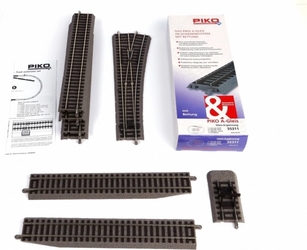 This PIKO H0 track set features realistic wooden sleepers on a gravel ballast in authentic colors. With the right-hand simple turnout to a dead-end track, you can easily create a siding for locomotives or train sets. The turnout can be operated manually and is prepared for adding a remotely controlled switch motor (available separately), including a ready-made connection.
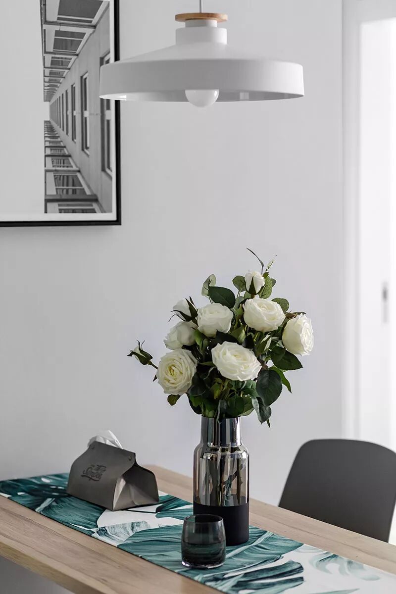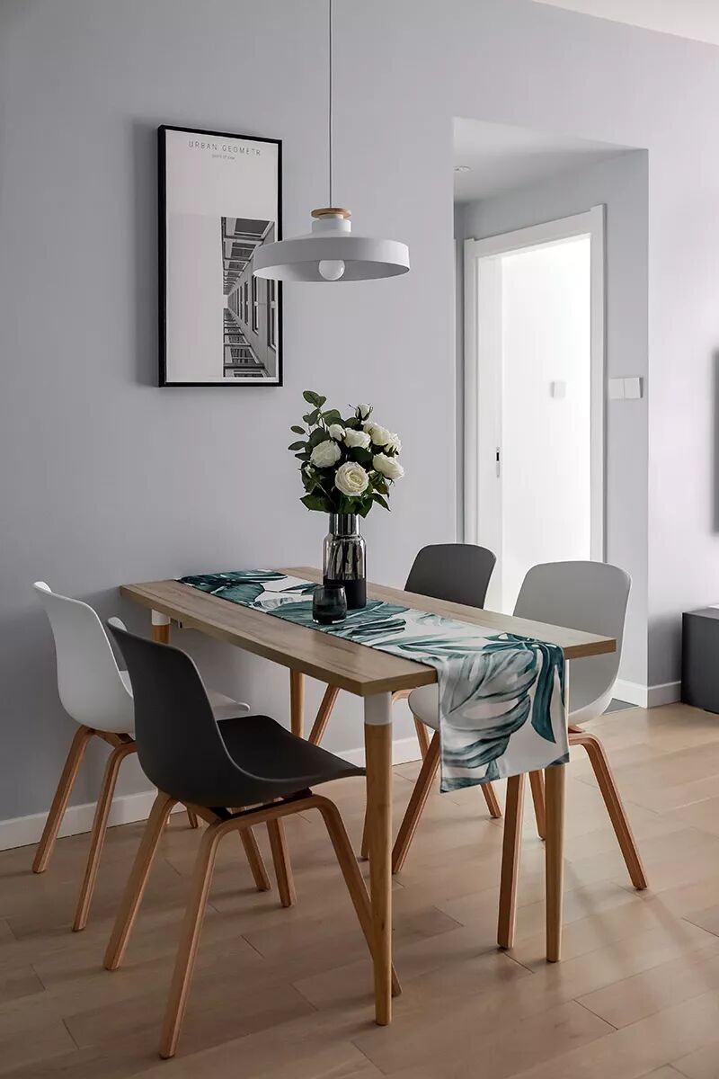 ▲餐桌台面垫上桌旗,摆上一盆鲜花,为空间注入了一丝清新优雅的气质。
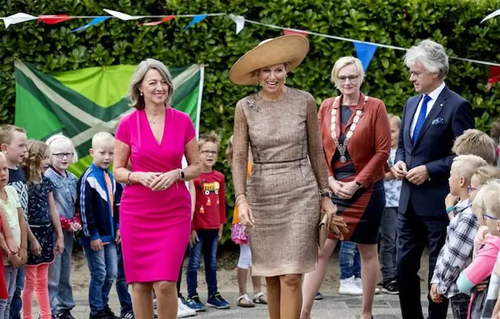 Vol koninklijke pracht (lees: in een Natan, met een hoed én een opvallende broche) ging Máxima vanochtend (woensdag) weer aan het werk. En dat zag er zó uit.
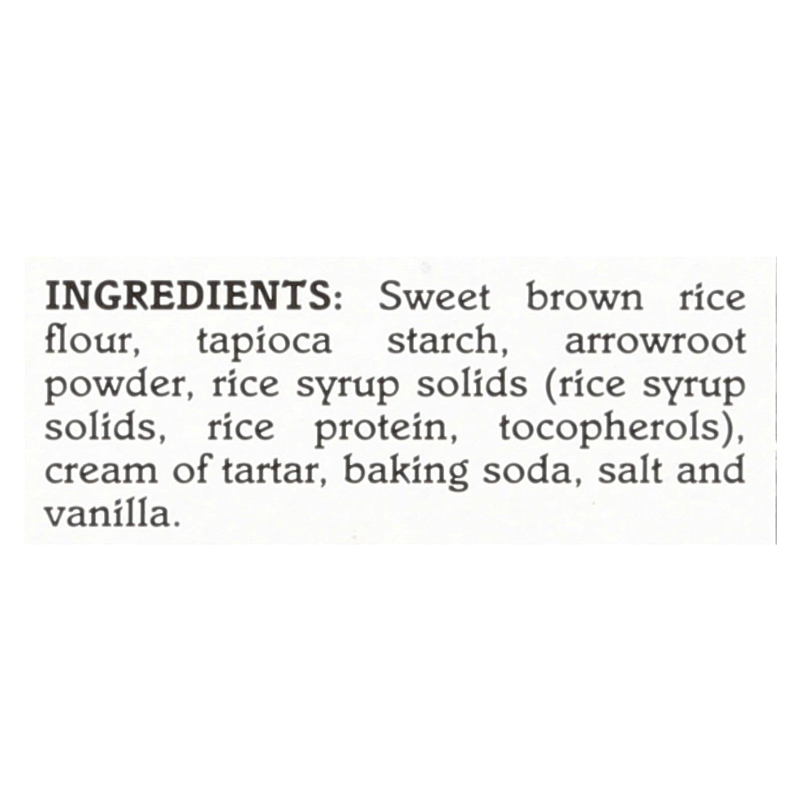 ingredients : sweet brown rice flour;tapioca starch;arrowroot powder;rice syrup solids;rice protein;tocopherols;cream of tartar. Baking soda;salt and vanilla

---

Work to be completed -
Leaving the pictures out, transcribe word for word the lines from the one with "Vol koninklijke pracht" to the end of the material above, inclusive, and nothing else.

Exercise response -
 Vol koninklijke pracht (lees: in een Natan, met een hoed én een opvallende broche) ging Máxima vanochtend (woensdag) weer aan het werk. En dat zag er zó uit.
 ingredients : sweet brown rice flour;tapioca starch;arrowroot powder;rice syrup solids;rice protein;tocopherols;cream of tartar. Baking soda;salt and vanilla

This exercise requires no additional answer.